_Your goal_: Output the whole listing exactly, with no pictures.
Given information: Begin
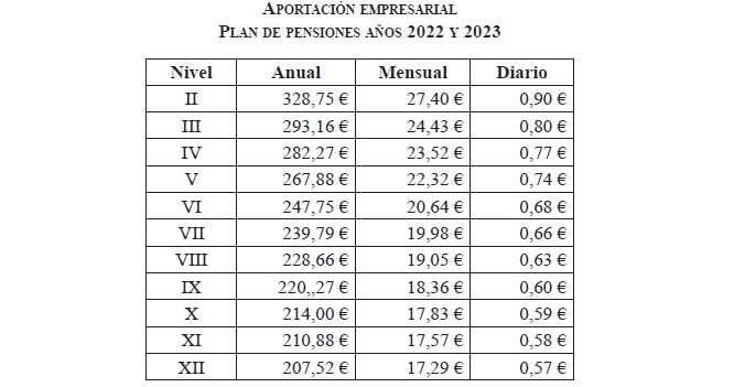 Se acuerdan los importes de las contribuciones empresariales al plan de pensiones para los años 2022 y 2023 que tendrán que aplicarse dentro de los tres meses siguientes a la entrada en vigor del presente acuerdo.
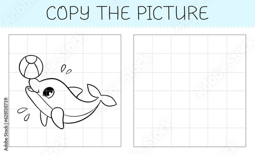 Copy the picture is an educational game for kids with cute dolphin with ball. Cute cartoon dolphin coloring book.
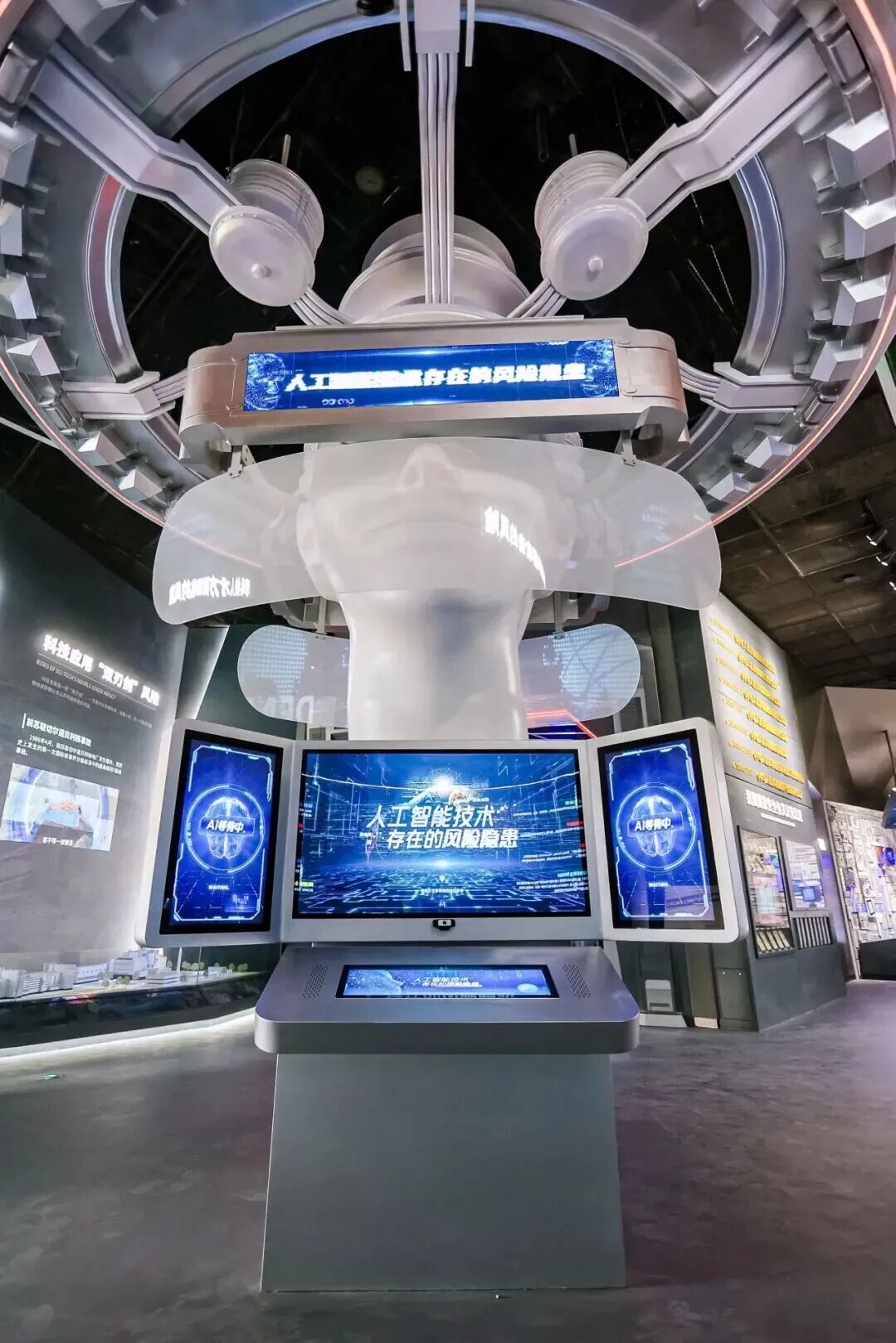 张艺谋导演的2026贺岁档大片《惊蛰无声》,核心的科技安全主题,与馆内三层的“科技安全”展厅高度契合!LED“国家安全”基石雕塑庄重有力,“危险之门”造型将技术被觊觎的紧张感具象化,激光窃密演示、AI换脸互动体验能帮助参观者读懂“科技护国安”的内涵。
Given information: End
_Result_:
 Se acuerdan los importes de las contribuciones empresariales al plan de pensiones para los años 2022 y 2023 que tendrán que aplicarse dentro de los tres meses siguientes a la entrada en vigor del presente acuerdo.
 Copy the picture is an educational game for kids with cute dolphin with ball. Cute cartoon dolphin coloring book.
 张艺谋导演的2026贺岁档大片《惊蛰无声》,核心的科技安全主题,与馆内三层的“科技安全”展厅高度契合!LED“国家安全”基石雕塑庄重有力,“危险之门”造型将技术被觊觎的紧张感具象化,激光窃密演示、AI换脸互动体验能帮助参观者读懂“科技护国安”的内涵。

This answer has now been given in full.